唐牧亦笑:“似假而真,就像你总说你裤子湿了,究竟我并没有看过。”

韩覃叫他说的哑口无言,暗道这人原来偶尔耍些流氓,但总得来说还是个正人君子,怎得一成亲似乎嘴里就没了正经话,时时都在耍流氓。

*

渡慈庵荒蔽飘零,有个老和尚并两个小沙弥在此厮守着,像是熟识唐牧的样子,远远就在山门上迎着,合什手掌拜叫:“唐大人!”

柳琛的尸骨如今就埋在后院那棵山楂树的旁边,青砖围绕的坟包,边上立着一块碑,碑前有香火供奉过的痕迹。

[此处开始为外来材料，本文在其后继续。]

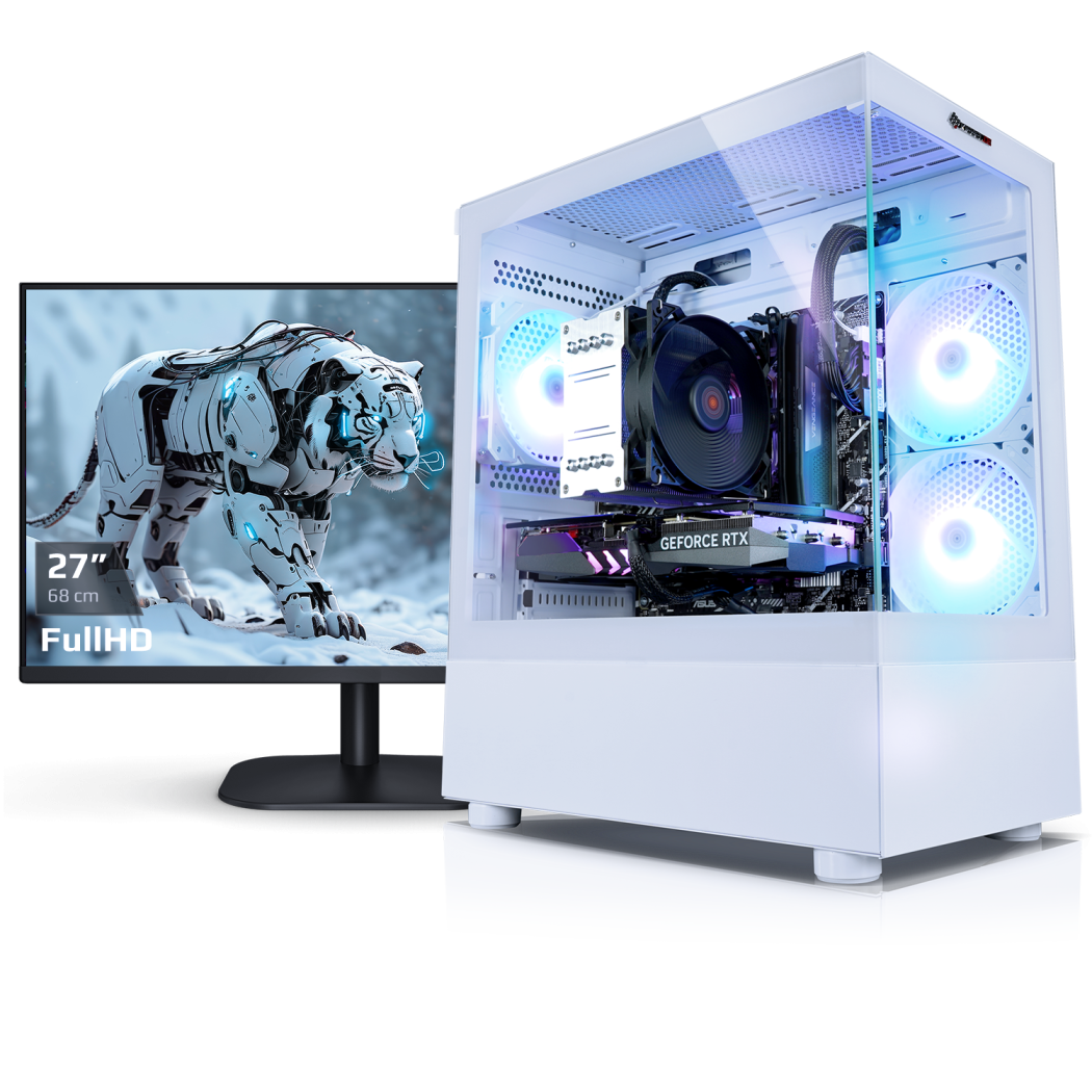 [Alles aus einer Hand] Mit diesem PC-Bundle bleiben keine Wünsche offen - ein rundum gut ausgestattetes Paket mit beleuchtetem PC (Farbe einstellbar), 27 Zoll (68,5cm) TFT-Monitor und Wireless LAN. Sofort startklar - nur noch anschließen und loslegen.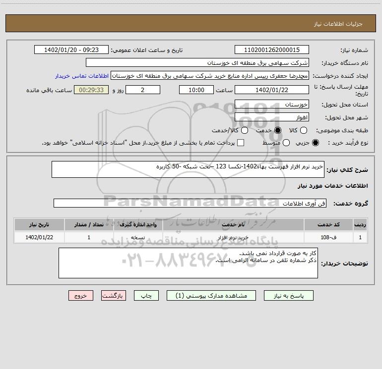 شرح کلی نیاز: خرید نرم افزار فهرست بهاء1402-تکسا 123 –تحت شبکه -50 کاربره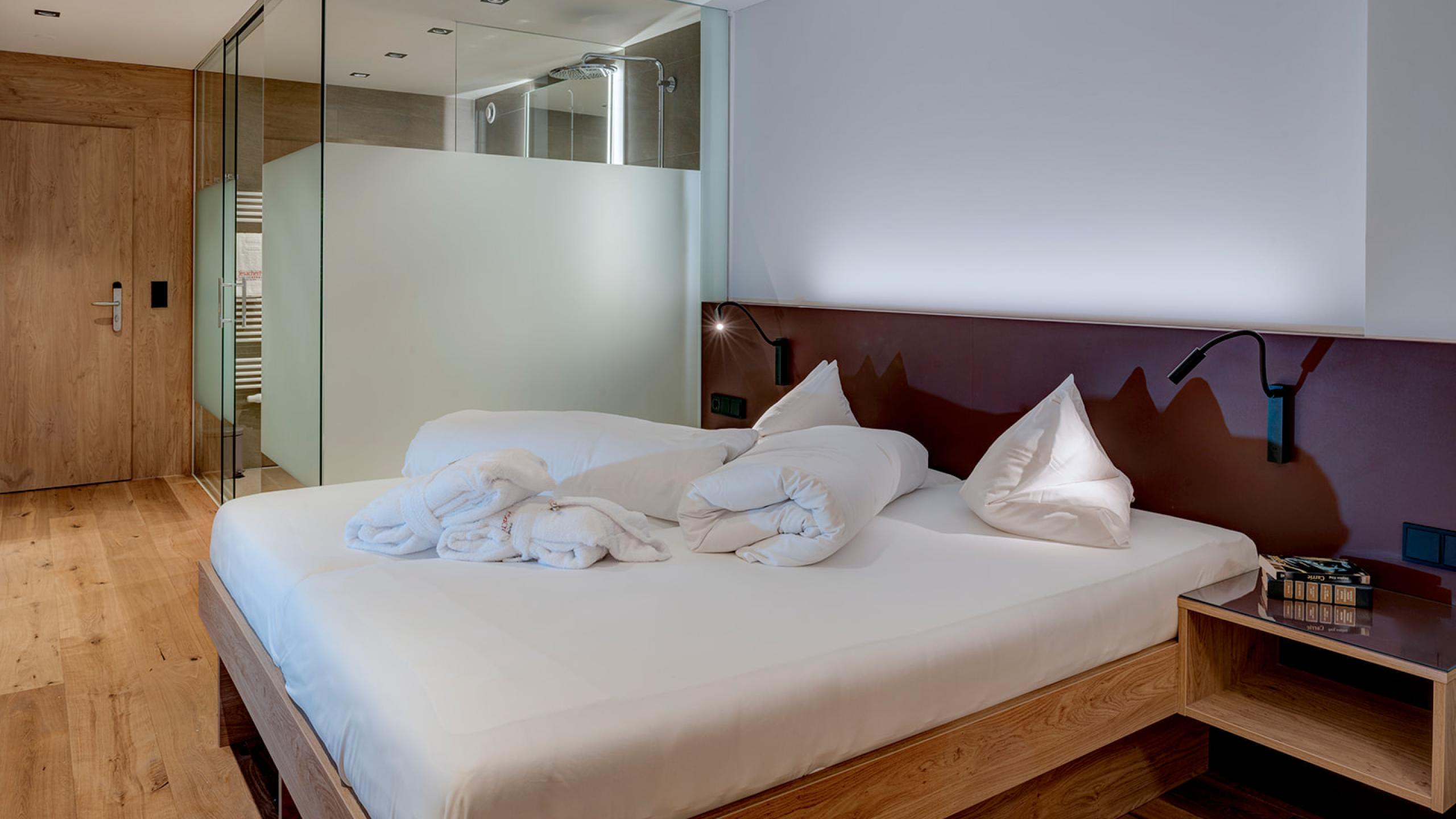 Accogliente camera doppia (32 m²) dal fascino tradizionale, in profumato legno di pino cembro locale e pavimento in parquet di quercia con zona notte abitabile, nuovo bagno con doccia e WC, minibar, balcone affacciato sul giardino. Prenotabile per 2 adulti e 2 bambini.

唐牧拈香,韩覃亦拈,两人默默跪拜完,在青果满枝的山楂树前对立,天色已将晚,夕阳眼看就要落山。

“我们今夜要宿在此间?”韩覃听蝉鸣唱晚,问唐牧。

“当然。”唐牧带韩覃往外院那所偏殿走着,边言道:“还有位多年未见的故人,在此相迎。”

故人?韩覃不记得自己会有什么故人。直到跨出内院,才见偏殿门上站着一人,那人唇上有须,约有三十多岁,与唐牧抱拳见过,指着韩覃问道:“你可曾记得我?”

韩覃屈膝见礼:“韩覃见过吴郎中!”

这故人竟是曾出入过唐府,替唐老夫人请过脉的吴墨杨。

三人在偏殿坐定,两个小沙弥端上来时鲜果类并几杯清茶奉上,才静悄悄退了出去。吴墨杨苦笑着一叹:“当年你说我难得能不在意身外之物,不迁就迎合,自在而敞快。我曾以为那是为人的本能,只要坚持就不会丢,谁知如今竟也求而难得,要代替景王来此走一遭。”

唐牧边听边点头:“我见你有书信来,便想要与你好好谈谈。京中虽如今锦衣卫指挥使被革还是一团乱麻,但东厂耳目无处不在,所以才会约你到这荒山僻野来。此处除我夫妇二人,亦皆是信得过的人,有什么你就直说。”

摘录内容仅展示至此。